Call me a pessimist; Call me a realist, but I don’t believe in love at first sight. While I’m sure this has happened to a handful of lucky people in this world, I think with exceptions; it does not exist for the general population. However, I do believe in lust at first sight and validation by association – which means seeking validation from your partner because of a self-deficiency or unmet need you have inside.

And maybe it’s true love and waiting a few months or a few years won’t make you (and in this case my boyfriend) more confident later than it is now. But if that’s the case, what’s the rush? If you’re going to spend a lifetime with someone, what harm can it do to be extra safe and wait a few months? I understand the feeling when you’ve met someone who you think finally understands you, and you want to spend every waking moment with that person. and by date five you already know the name of your future children. I have been wrong many times too, after seeing my so-called prince in test situations and seeing things break after an ebb.

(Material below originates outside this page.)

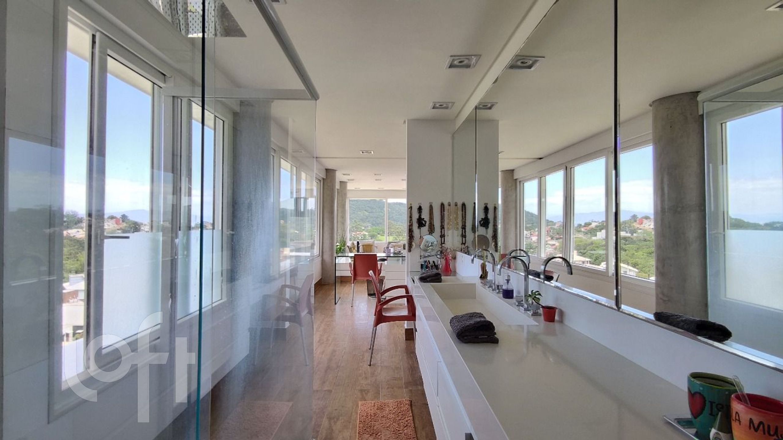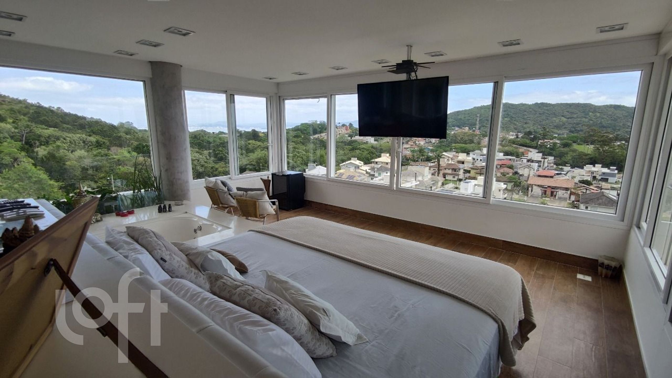 Suíte master totalmente mobilada, piso aquecido, vista mar de 270º permanente, amplas aberturas automatizadas com entrada de iluminação natural, banheira e chuveiro duplo e closet.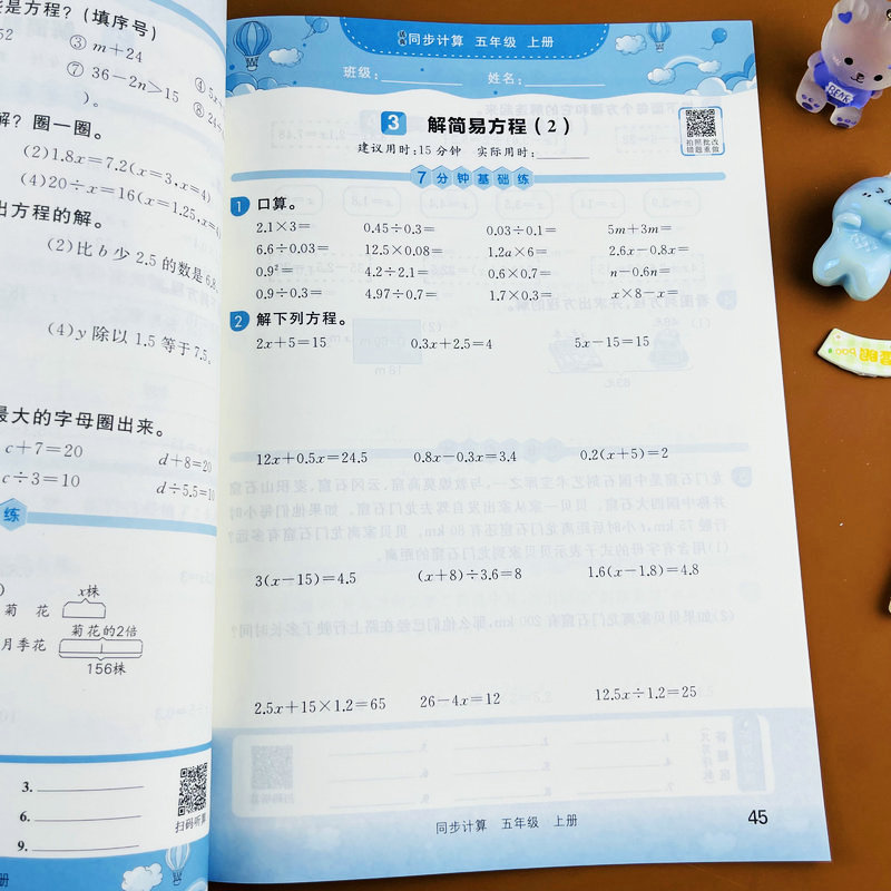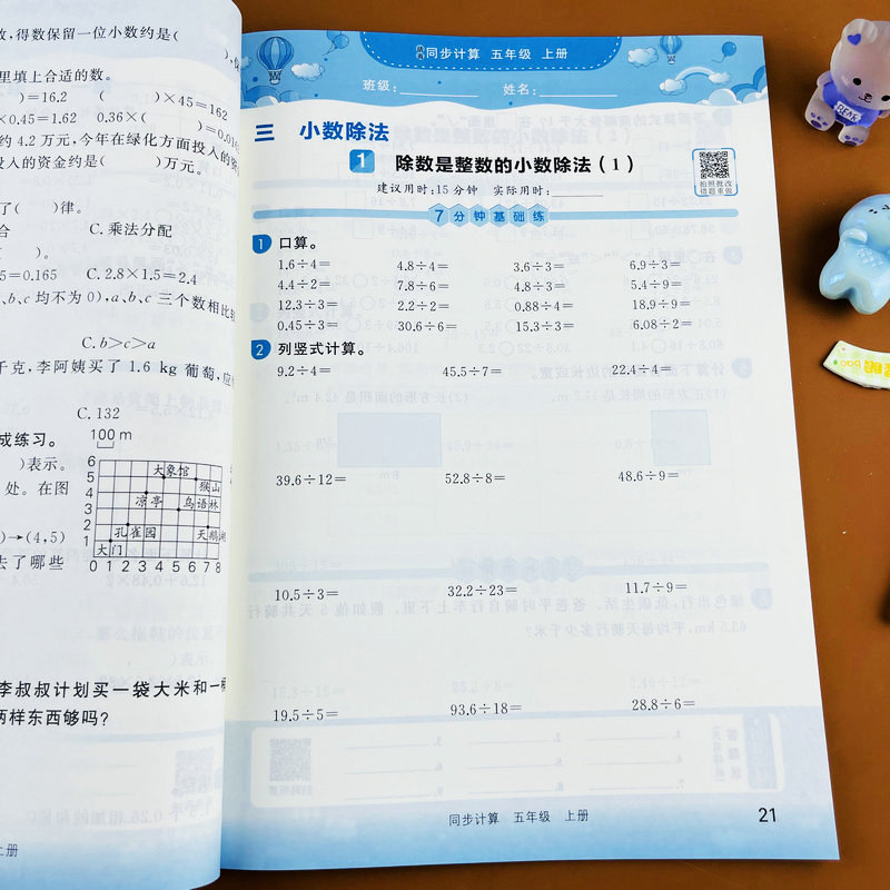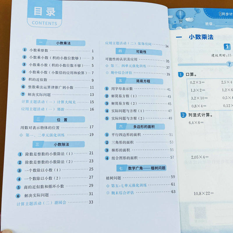五年级上册小学数学同步计算人教版课本同步练习册口算竖式应用题全题型小数乘法小数除法简易方程解方程多边形的面积可能性位置

I learned that even in platonic relationships it takes time, ups and downs and different situations to build a foundation and understand the other person. Having a rather extremist personality, I’ve made the mistake of jumping to a conclusion way too early, only to end up disappointed when you realize the person wasn’t as great as you initially thought.

We’ve all heard the saying, “easy to come, easy to go” and while it may sound cliché, I believe it’s true. The relationships that take time and investment and ultimately have a history are a lot harder to break and fall apart when the going gets tough. But those built on a whirlwind romance can collapse a lot easier, because there was no foundation to begin with.